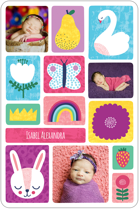 Make a tasteful Photo Collage for your walls with your treasured snapshots and personalize with details like your name, date and more.
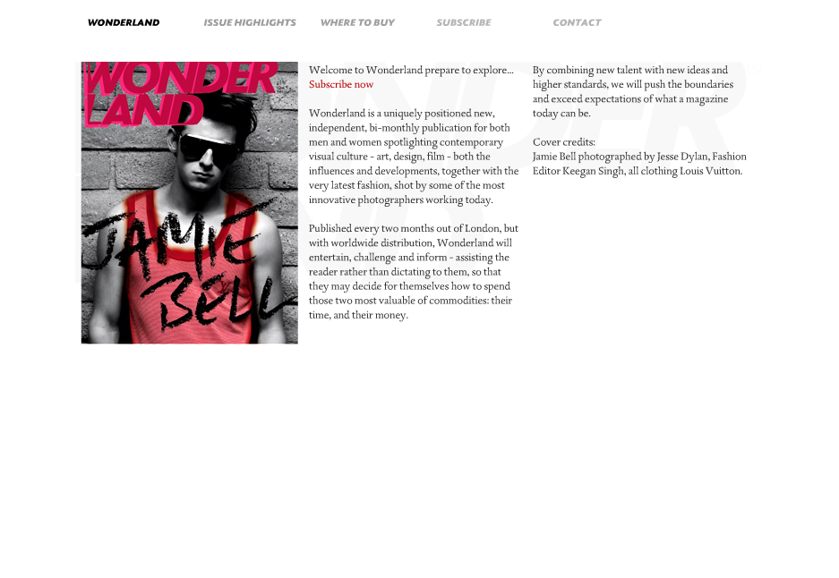 Wonderland is a uniquely positioned, independent, bi-monthly publication for both men and women spotlighting contemporary visual culture – art, design, film – both the influences and the developments, together with the very latest fashion, shot by some of the most innovative photographers working today. Published every two months out of London, but with worldwide distribution, Wonderland will entertain, challenge and inform – assisting the reader rather than dictating to them, so that they may decide for themselves how to spend those two most valuable of commodities: their time, and their money. By combining new talent with new ideas and higher standards, we will push the boundaries and exceed expectations of what a magazine today can be.
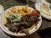 First time eating at this valley restaurant. We really enjoyed the variety of the combo platter. My only complaint with all the meats and chicken, no tahini or sauce of any that the food was prepared in or to add to. So a bit dry for my taste. The lamp strips had a wonderful seasoning. The house salad is very light but tasty. The hummus with mushrooms were excellent as we're the French fries and large pittas in a basket. I would recommend the place, good service So remember to ask for some side sauce AND a clean plate after appetizers for the main meal, which they never did for us. Enjoy!
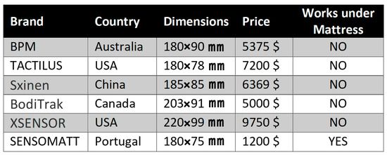 While the SENSOMATT sensor sheet demonstrated promising results, it is important to acknowledge its limitations and areas for improvement. One limitation could be the cost associated with the production of the sensor sheet, which may hinder its widespread adoption. Future research could focus on optimizing the manufacturing process to reduce costs without compromising the sheet’s performance. Despite the SENSOMATT sensor sheet being the most affordable product in the market regarding cost, as depicted in Figure 12, there is still a necessity for further cost reduction. Additionally, the calibration process for different mattresses could be further streamlined to enhance user convenience. Exploring alternative materials or incorporating advanced sensing technologies could also be potential avenues for future development.
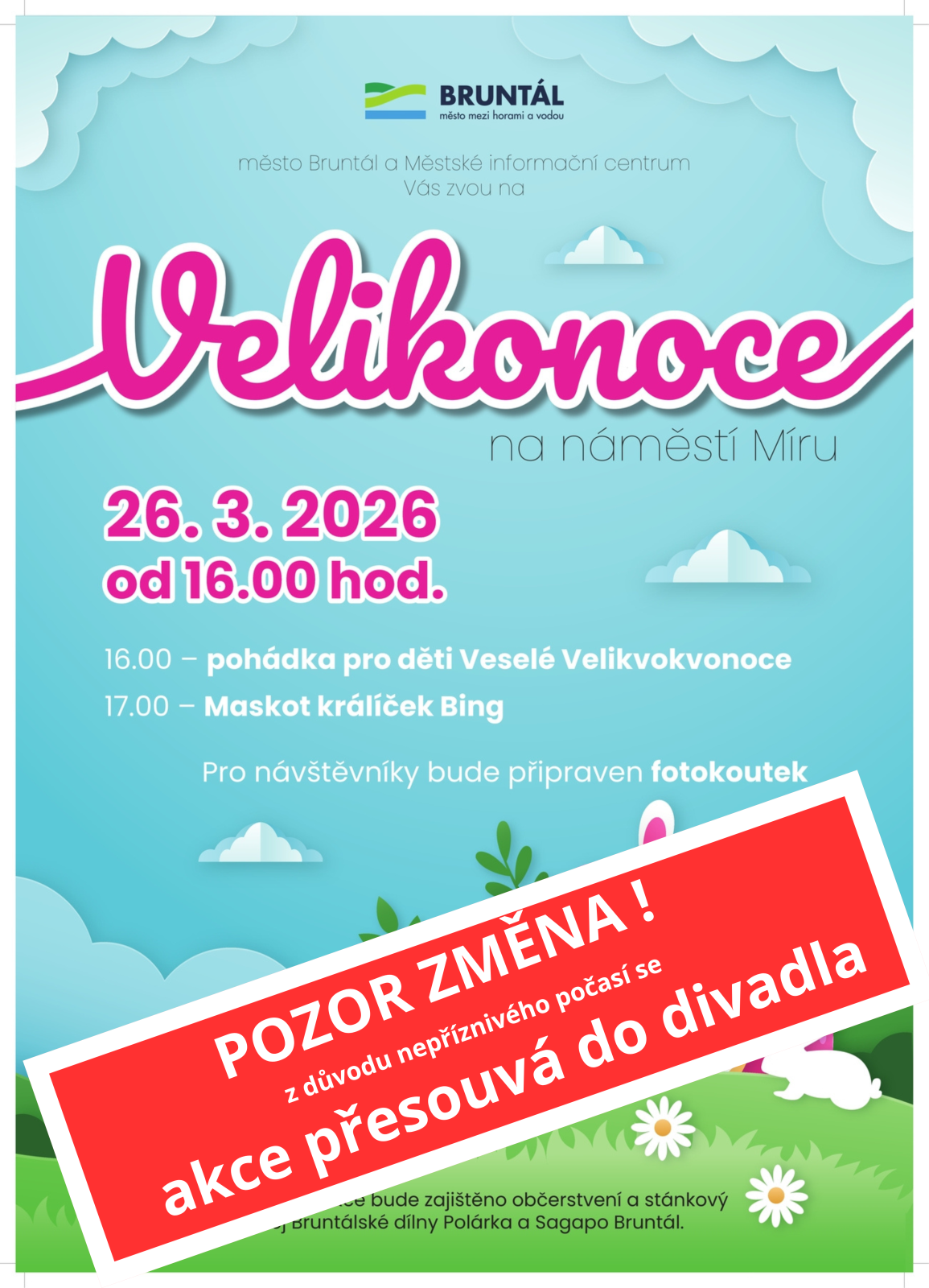 Velikonoce. (Divadlo) 26.03.2026 od 16:00 do 18:00 hod. Městské divadlo Bruntál, Bruntál | Mapa Velikonoce na náměstí v Bruntále se z důvodu nepřízně počasí přesouvá do Městského divadla Bruntál. | |
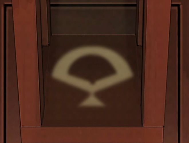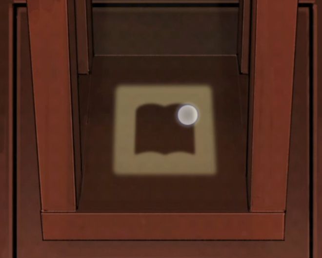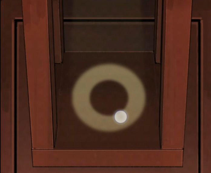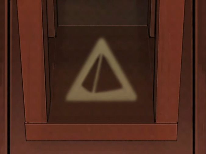 打开右边柜门,看到密码盒,按照这个位置调整密码盒上木块位置,打开看到一个灯,看形状就和楼下的门上图案一样,不过不是拿到门上用的,而是就在柜子上面有个插座,把灯插上后就开始自己转动起来。
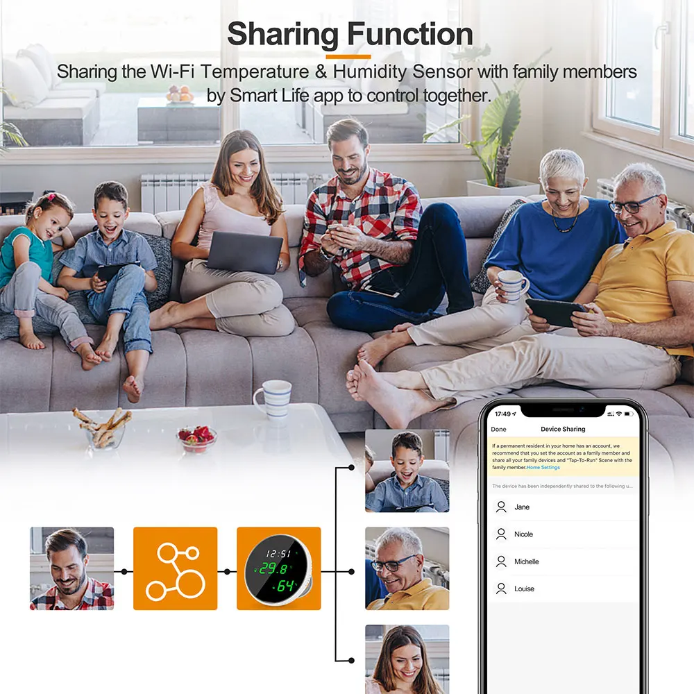 You can share your added devices with your family members, so they can also monitor the ambient environment.
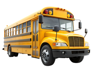 yellow school bus isolated on white background. Transparent PNG file available with high quality.
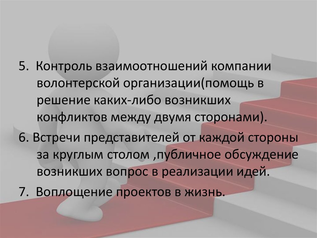5. Контроль взаимоотношений компанииволонтерской организации(помощь в
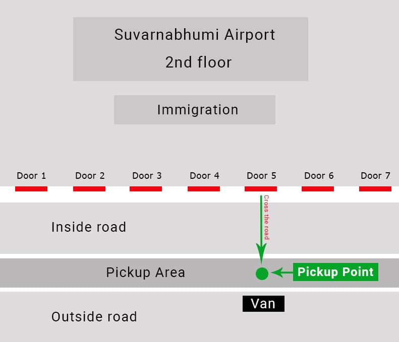 Walk out of the airport pass immigration to Door No. 5, cross inside road and wait at the pick-up point (Green Spot).
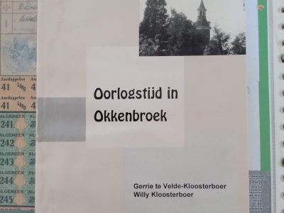 In 116 pagina´s schetsen zij de oorlogsjaren in Okkenbroek. Het boek is gebaseerd op de persoonlijke herinneringen van mensen die deze jaren aan den lijven hebben ondervonden. Voor hen en voor de naoorlogse generatie die de oorlog niet heeft meegemaakt, heeft het tweetal geprobeerd iets vast te leggen van de geschiedenis van Okkenbroek in oorlogstijd. Het boek is niet meer te koop maar in de bibliotheek nog wel te leen. Het zou te ver voeren hier het hele boek over te tikken. Dat ook, zou geen recht doen aan de inspanningen die Gerrie en Willy zich hebben getroost. Hier beperk ik mij tot passages uit Oorlogstijd in Okkenbroek, uit Uut den Umtrek van Johan Struik en niet in de laatste plaats dat wat Tiny van Ens te boek heeft gesteld in Herinneringen uit de oorlogstijd 1940 – 1945.
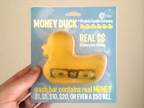 Confab time! Let’s make some magic here. This is a Money Duck. It’s soap.
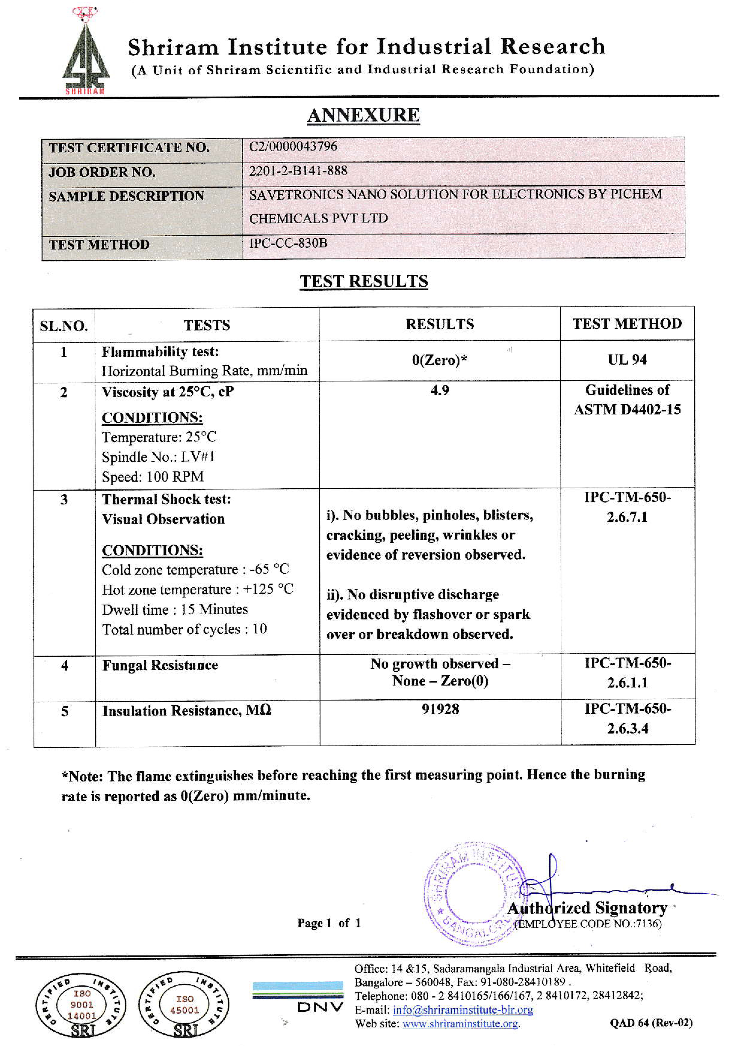 - Military grade test report (as per IPC-CC-830B formerly known as MIL-I-46058C)

---*---

Aim of the exercise:
Pictures are to be left out; the listing above is otherwise to be copied exactly.

Response to the exercise:
 Make a tasteful Photo Collage for your walls with your treasured snapshots and personalize with details like your name, date and more.
 Wonderland is a uniquely positioned, independent, bi-monthly publication for both men and women spotlighting contemporary visual culture – art, design, film – both the influences and the developments, together with the very latest fashion, shot by some of the most innovative photographers working today. Published every two months out of London, but with worldwide distribution, Wonderland will entertain, challenge and inform – assisting the reader rather than dictating to them, so that they may decide for themselves how to spend those two most valuable of commodities: their time, and their money. By combining new talent with new ideas and higher standards, we will push the boundaries and exceed expectations of what a magazine today can be.
 First time eating at this valley restaurant. We really enjoyed the variety of the combo platter. My only complaint with all the meats and chicken, no tahini or sauce of any that the food was prepared in or to add to. So a bit dry for my taste. The lamp strips had a wonderful seasoning. The house salad is very light but tasty. The hummus with mushrooms were excellent as we're the French fries and large pittas in a basket. I would recommend the place, good service So remember to ask for some side sauce AND a clean plate after appetizers for the main meal, which they never did for us. Enjoy!
 While the SENSOMATT sensor sheet demonstrated promising results, it is important to acknowledge its limitations and areas for improvement. One limitation could be the cost associated with the production of the sensor sheet, which may hinder its widespread adoption. Future research could focus on optimizing the manufacturing process to reduce costs without compromising the sheet’s performance. Despite the SENSOMATT sensor sheet being the most affordable product in the market regarding cost, as depicted in Figure 12, there is still a necessity for further cost reduction. Additionally, the calibration process for different mattresses could be further streamlined to enhance user convenience. Exploring alternative materials or incorporating advanced sensing technologies could also be potential avenues for future development.
 Velikonoce. (Divadlo) 26.03.2026 od 16:00 do 18:00 hod. Městské divadlo Bruntál, Bruntál | Mapa Velikonoce na náměstí v Bruntále se z důvodu nepřízně počasí přesouvá do Městského divadla Bruntál. | |
 打开右边柜门,看到密码盒,按照这个位置调整密码盒上木块位置,打开看到一个灯,看形状就和楼下的门上图案一样,不过不是拿到门上用的,而是就在柜子上面有个插座,把灯插上后就开始自己转动起来。
 You can share your added devices with your family members, so they can also monitor the ambient environment.
 yellow school bus isolated on white background. Transparent PNG file available with high quality.
5. Контроль взаимоотношений компанииволонтерской организации(помощь в
 Walk out of the airport pass immigration to Door No. 5, cross inside road and wait at the pick-up point (Green Spot).
 In 116 pagina´s schetsen zij de oorlogsjaren in Okkenbroek. Het boek is gebaseerd op de persoonlijke herinneringen van mensen die deze jaren aan den lijven hebben ondervonden. Voor hen en voor de naoorlogse generatie die de oorlog niet heeft meegemaakt, heeft het tweetal geprobeerd iets vast te leggen van de geschiedenis van Okkenbroek in oorlogstijd. Het boek is niet meer te koop maar in de bibliotheek nog wel te leen. Het zou te ver voeren hier het hele boek over te tikken. Dat ook, zou geen recht doen aan de inspanningen die Gerrie en Willy zich hebben getroost. Hier beperk ik mij tot passages uit Oorlogstijd in Okkenbroek, uit Uut den Umtrek van Johan Struik en niet in de laatste plaats dat wat Tiny van Ens te boek heeft gesteld in Herinneringen uit de oorlogstijd 1940 – 1945.
 Confab time! Let’s make some magic here. This is a Money Duck. It’s soap.
 - Military grade test report (as per IPC-CC-830B formerly known as MIL-I-46058C)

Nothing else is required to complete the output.